◆ Your task: Would you please set down the data again exactly as given, excluding the pictures?

◆ Data records:
========

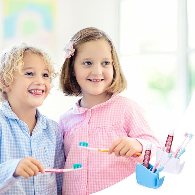 - Toothbrush and Toothpaste Holder Featuring a 2-in-1 design, this holder can accommodate both children's toothbrushes and toothpaste. It is not suitable for adults, as the depth is shallow for adult toothbrushes and toothpaste. Please check the dimensions before purchasing. The package includes one white toothbrush holder and one blue toothbrush holder.
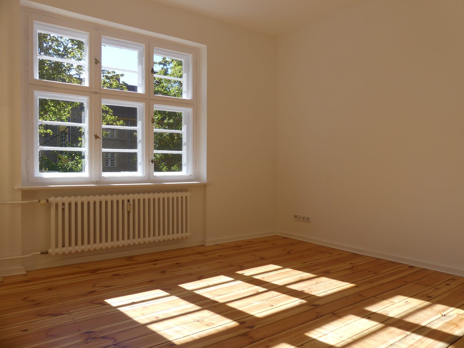 Modernisierte 3-Zimmer Eigentumswohnung im 1. Obergeschoss eines denkmalgeschützten Altbaus in Berlin-Reinickendorf mit Südbalkon und Keller.
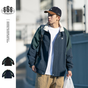 WANLEGETU日系复古citypop学院风立领夹克男士春秋运动外套J2017
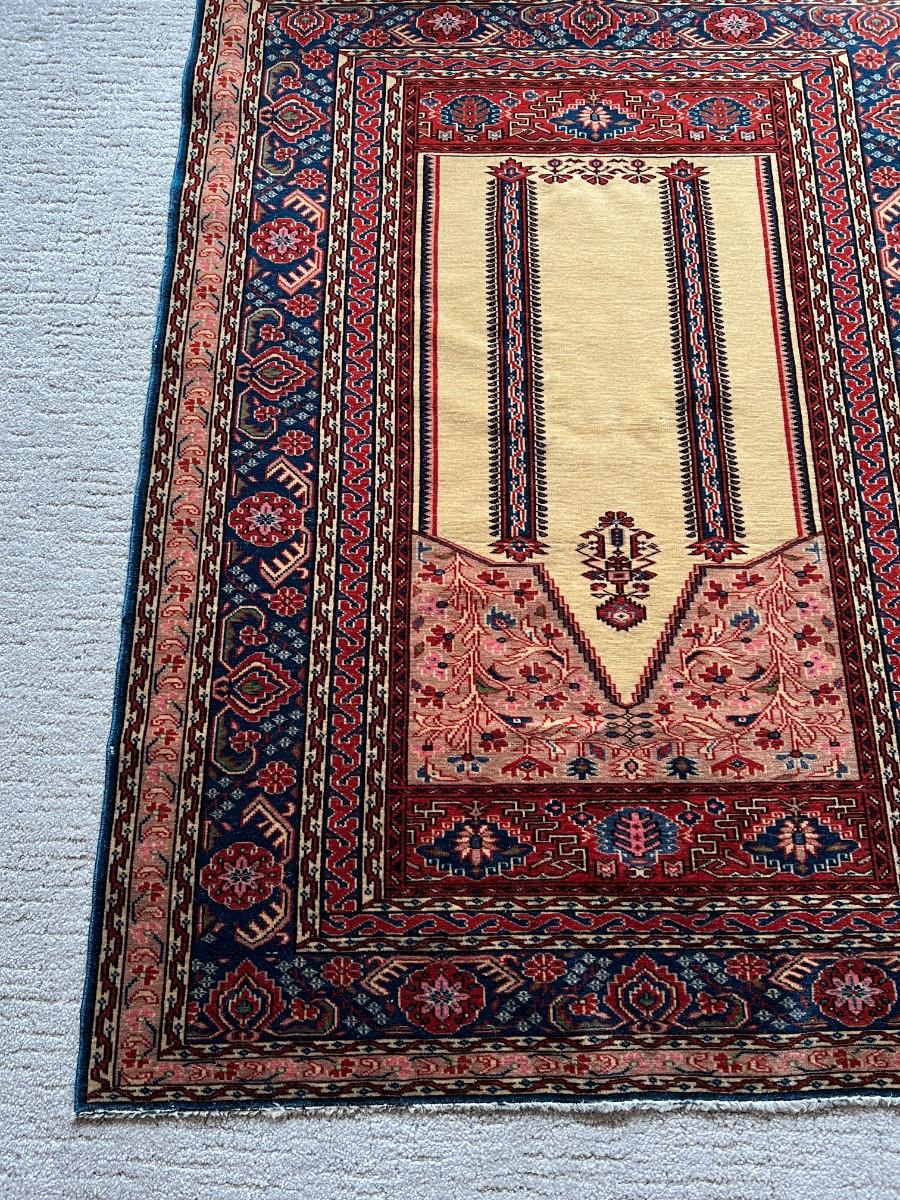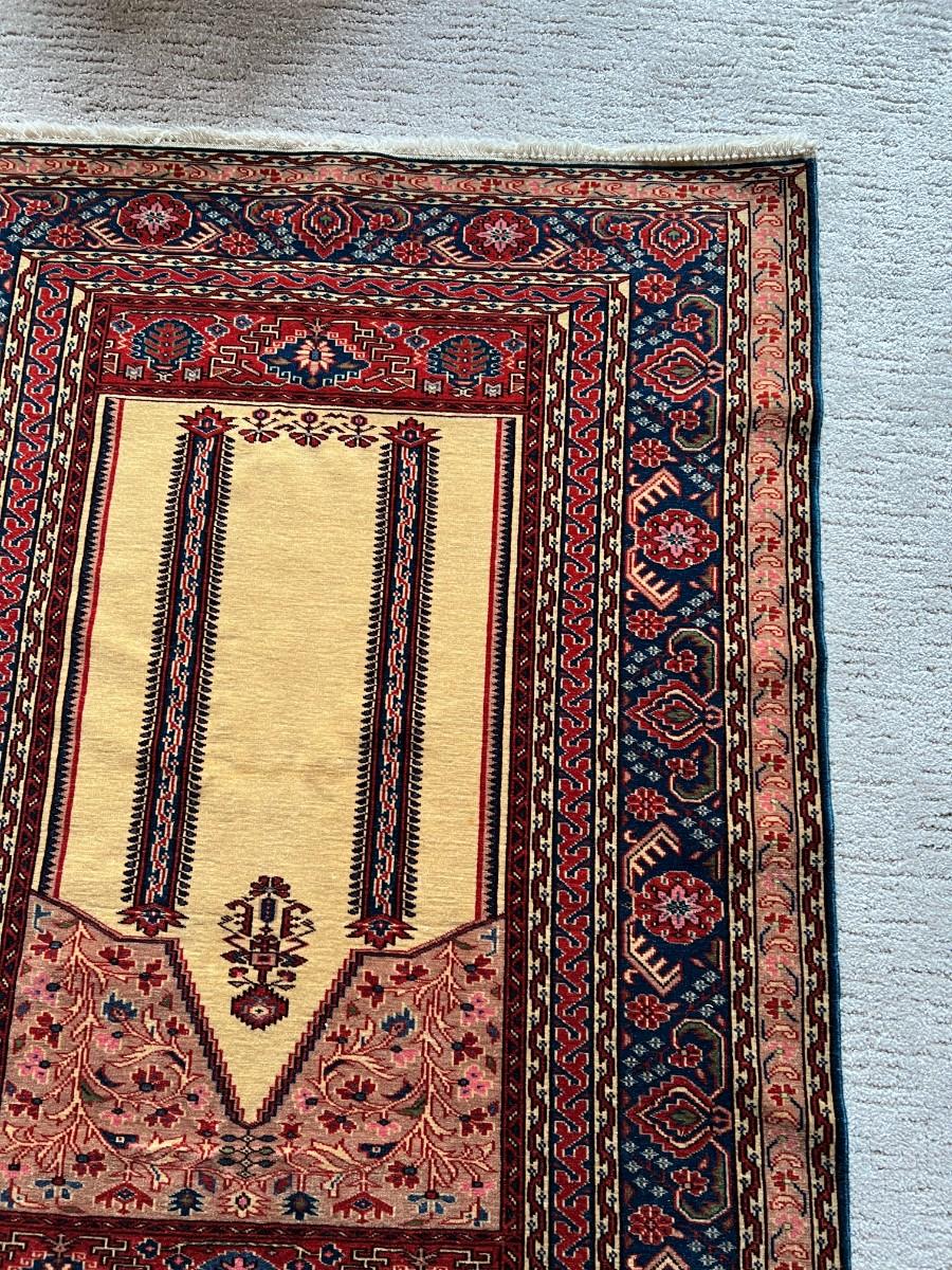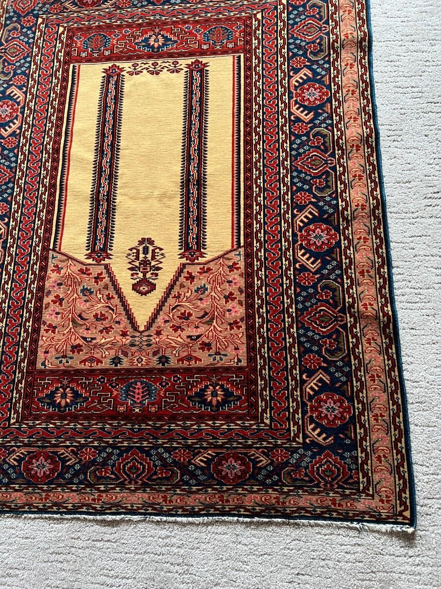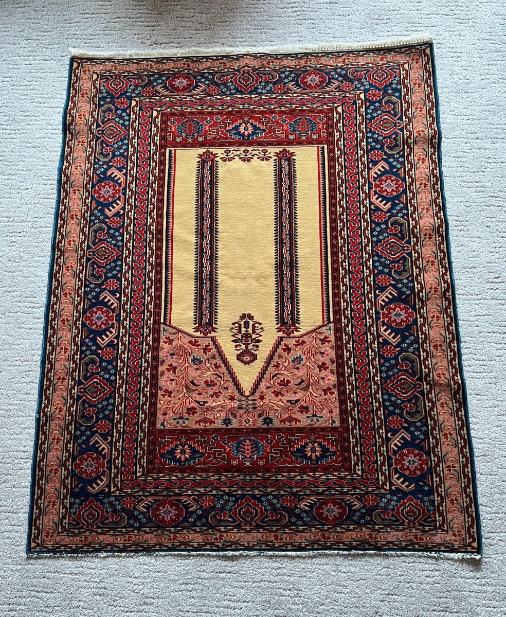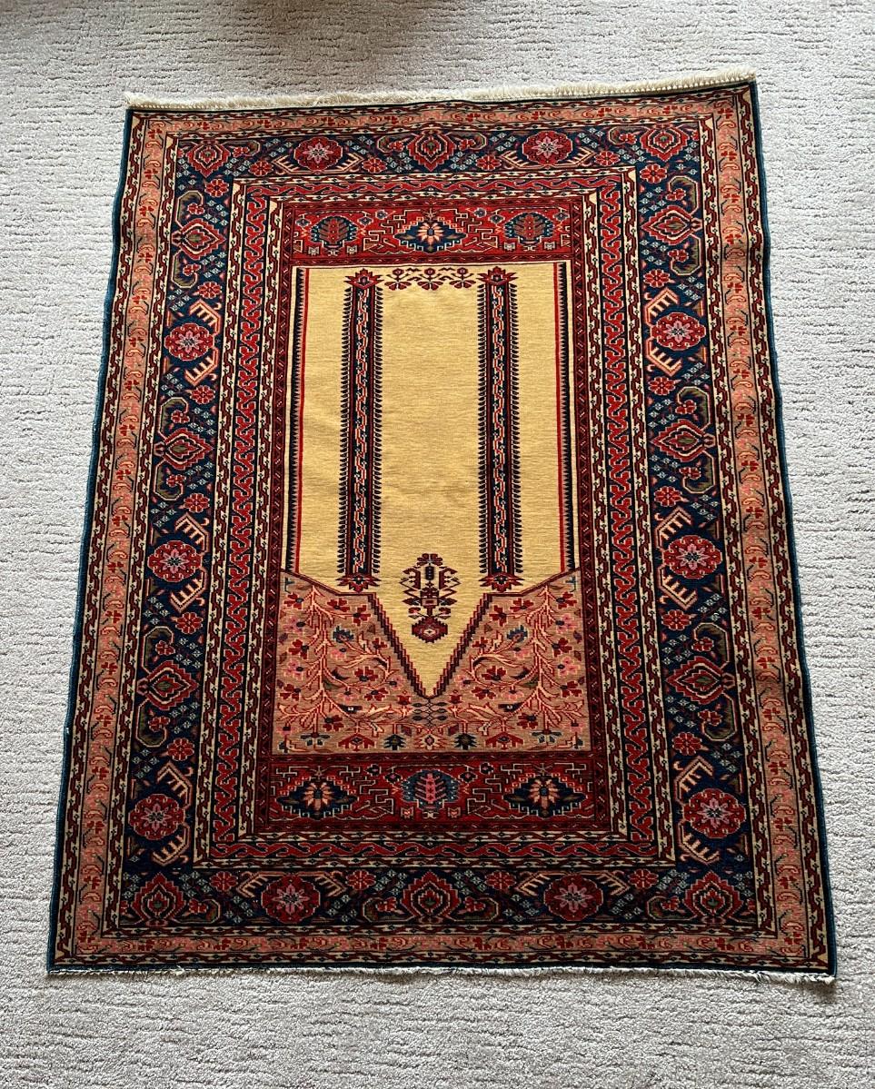 Beautiful handmade prayer rug from Pakistan. The intricate design of the rug has a bright tan center with some floral and other details, with a deep burgundy red and blue design around the sides. In very good condition, as shown.
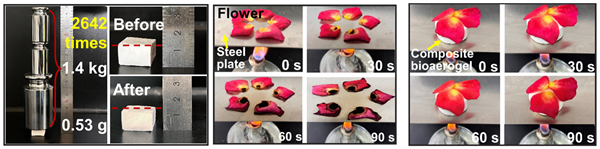 图3. 生物质气凝胶及强度与隔热性能比较。
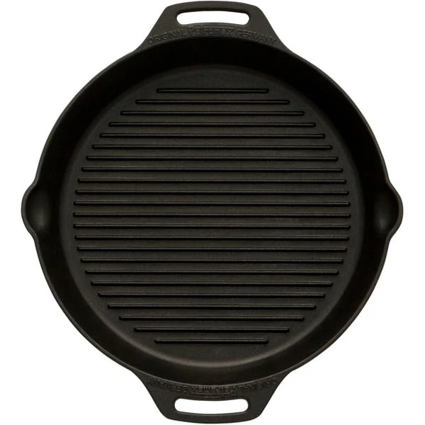 Die gusseiserne Petromax Grill-Feuerpfanne gp35h gehört mit ihrer exzellenten Wärmespeicherung zur Ausstattung jeder Küche. Sie ist für das Zubereiten von Fleisch, Gemüse und Co. mit dem besonderen Grillaroma ideal, da sich die Hitze in Gusseisen gleichmäßig verteilt und lange gespeichert wird. Die Rillen am Pfannenboden geben dem Bratgut nicht nur das typische Grillmuster, sondern ermöglichen auch besonders fettarmes und gesundes Braten. Ob in der Draußen-Küche über dem offenen Feuer gekocht wird oder auf dem Herd zuhause, man kann die Feuerpfanne sowohl auf herkömmlichen Herdplatten, auf Gasflammen, im Backofen als auch im Freien auf einer Kochstelle, über einem Lagerfeuer oder auf einem passenden Grill verwenden. Das Gusseisen mit seiner ausgezeichneten Wärmeverteilung und -speicherung ist dank der vorbehandelten Oberfläche (seasoned finish) sofort einsatzbereit und leicht zu pflegen.Art.-Nr.: 1532913
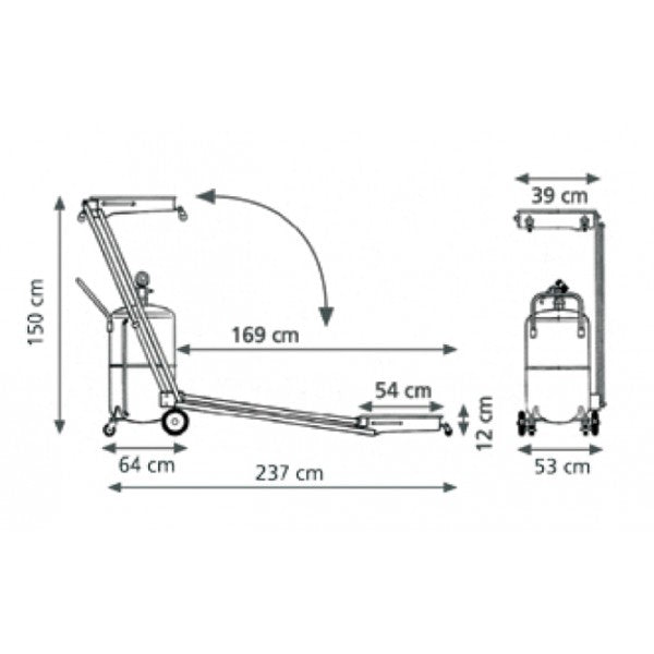 Aspiratore-recuperatore pneumatico per olio esausto a pantografo 90 l con precamera
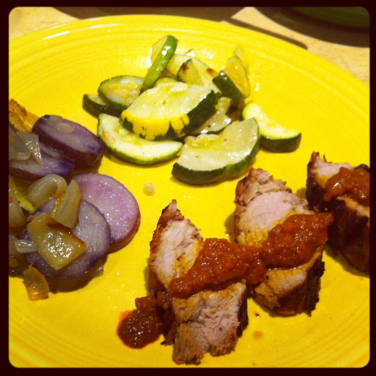 Grilling night – I marinaded a pork tenderloin in some barbecue sauce we got from a local guy at the farmer’s market, and we put extra sauce over the top. I put purple peppers, onions and purple potatoes in a foil wrap for the grill. We ran out of grilltop space, so I roasted the mixed squash in the oven. CSA ingredients: peppers, onions, potatoes, squash. I think the purple potatoes are especially fun.

========

◆ Answer to the problem:
 - Toothbrush and Toothpaste Holder Featuring a 2-in-1 design, this holder can accommodate both children's toothbrushes and toothpaste. It is not suitable for adults, as the depth is shallow for adult toothbrushes and toothpaste. Please check the dimensions before purchasing. The package includes one white toothbrush holder and one blue toothbrush holder.
 Modernisierte 3-Zimmer Eigentumswohnung im 1. Obergeschoss eines denkmalgeschützten Altbaus in Berlin-Reinickendorf mit Südbalkon und Keller.
 WANLEGETU日系复古citypop学院风立领夹克男士春秋运动外套J2017
 Beautiful handmade prayer rug from Pakistan. The intricate design of the rug has a bright tan center with some floral and other details, with a deep burgundy red and blue design around the sides. In very good condition, as shown.
 图3. 生物质气凝胶及强度与隔热性能比较。
 Die gusseiserne Petromax Grill-Feuerpfanne gp35h gehört mit ihrer exzellenten Wärmespeicherung zur Ausstattung jeder Küche. Sie ist für das Zubereiten von Fleisch, Gemüse und Co. mit dem besonderen Grillaroma ideal, da sich die Hitze in Gusseisen gleichmäßig verteilt und lange gespeichert wird. Die Rillen am Pfannenboden geben dem Bratgut nicht nur das typische Grillmuster, sondern ermöglichen auch besonders fettarmes und gesundes Braten. Ob in der Draußen-Küche über dem offenen Feuer gekocht wird oder auf dem Herd zuhause, man kann die Feuerpfanne sowohl auf herkömmlichen Herdplatten, auf Gasflammen, im Backofen als auch im Freien auf einer Kochstelle, über einem Lagerfeuer oder auf einem passenden Grill verwenden. Das Gusseisen mit seiner ausgezeichneten Wärmeverteilung und -speicherung ist dank der vorbehandelten Oberfläche (seasoned finish) sofort einsatzbereit und leicht zu pflegen.Art.-Nr.: 1532913
 Aspiratore-recuperatore pneumatico per olio esausto a pantografo 90 l con precamera
 Grilling night – I marinaded a pork tenderloin in some barbecue sauce we got from a local guy at the farmer’s market, and we put extra sauce over the top. I put purple peppers, onions and purple potatoes in a foil wrap for the grill. We ran out of grilltop space, so I roasted the mixed squash in the oven. CSA ingredients: peppers, onions, potatoes, squash. I think the purple potatoes are especially fun.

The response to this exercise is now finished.